From abstract canvas to beaded cuff, from Barney's New York to Tomorrowland Tokyo. Julie Rofman on the meditation of the bead loom, the grandmother who dressed like her art, and why she never pre-plans a pattern.
"I never pre-plan a pattern. I just kind of work intuitively with each section, having a rough idea of what will come next. Each bead tells me where to go next."
Julie Rofman's background is in painting and sculpture. About ten years into her career, during what she describes as a break from that kind of creating, she picked up a bead loom. She was drawn immediately to the preciseness of it and to the extraordinary range of color available in Japanese delica beads. What started as a diversion quietly became a second practice of equal depth.
Each cuff is woven on a small loom, bead by bead, taking anywhere from two hours to two days depending on scale. She works intuitively throughout. "I think this is what makes it most enjoyable, the decisions arise throughout the process. I like seeing how matte beads interact with sparkly beads and the interaction of bold and muted colors." The process has strong parallels with how she paints and draws. The loom is just a different kind of canvas.

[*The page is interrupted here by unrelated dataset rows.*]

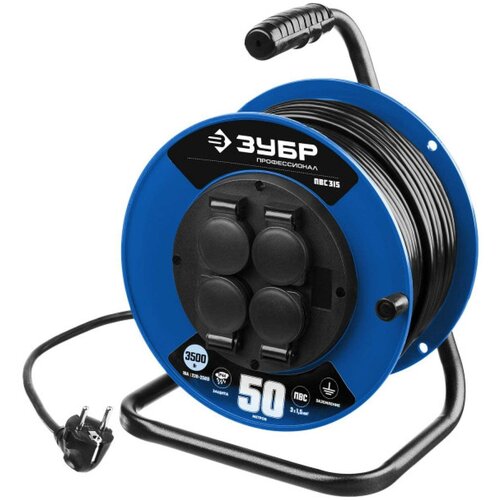 Удлинитель на катушке ЗУБР 55080-50, 4 розетки, с/з, 16А / 3700 Вт черный 50 м 23 мм 30 мм 38 мм 1.5 м² 4
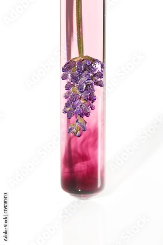 Lavender natural extract.Aroma of lavender. Lavender flower in a transparent laboratory flask with lilac paint close-up isolated on white background. Organic Pharmacy. organic beauty
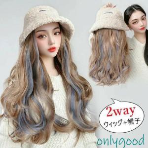 ウィッグ キャップ 帽子付きウィッグ ハット かつら 帽子ウィッグ 髪付き帽子 もこもこ あったか レディース ロング巻き 2way 小顔効果 髪の毛 ナチュラル 着脱
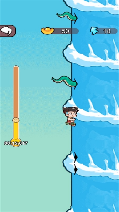 1、玩家操控经典神话角色,在充满奇幻元素的场景中冒险,躲避障碍向上攀爬。
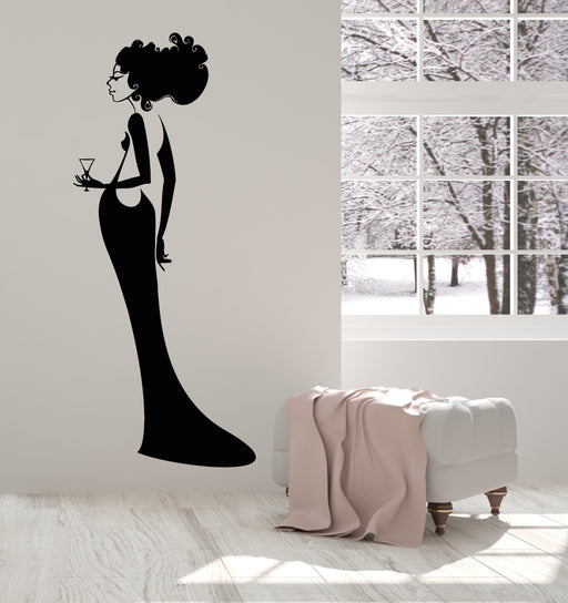 Autocollant mural en vinyle représentant une femme en robe de soirée, cocktail, dos sexy, fête (2115ig)
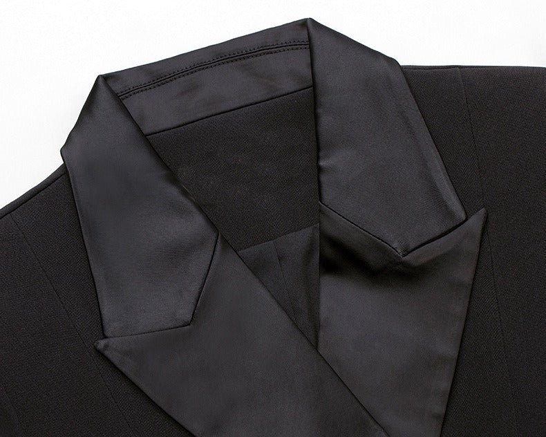 MON4120031W MONDRESSY Women's Peaked Lapel Double-breasted Eight-button Lace Flared Sleeves Blazer Dresses
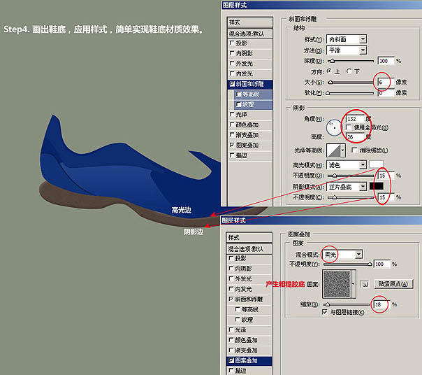 > 图层样式 > 斜面和浮雕,参数设置如下图,确定后再设置图案叠加。

"I treat wrists like miniature canvases. Photos don't capture how they catch light like shattered stained glass."
Julie Rofman
Hokusai
Paul Klee
Tanguy · Gorky
Her grandmother
"The first person I go to for fashion advice is my friend Kimball Hastings. The first time we met was in the elevator of our dormitory freshman year of college. He was wearing Gucci black and white leopard print pants and sunglasses at night. He happens to be the director of celebrity styling for Ralph Lauren now."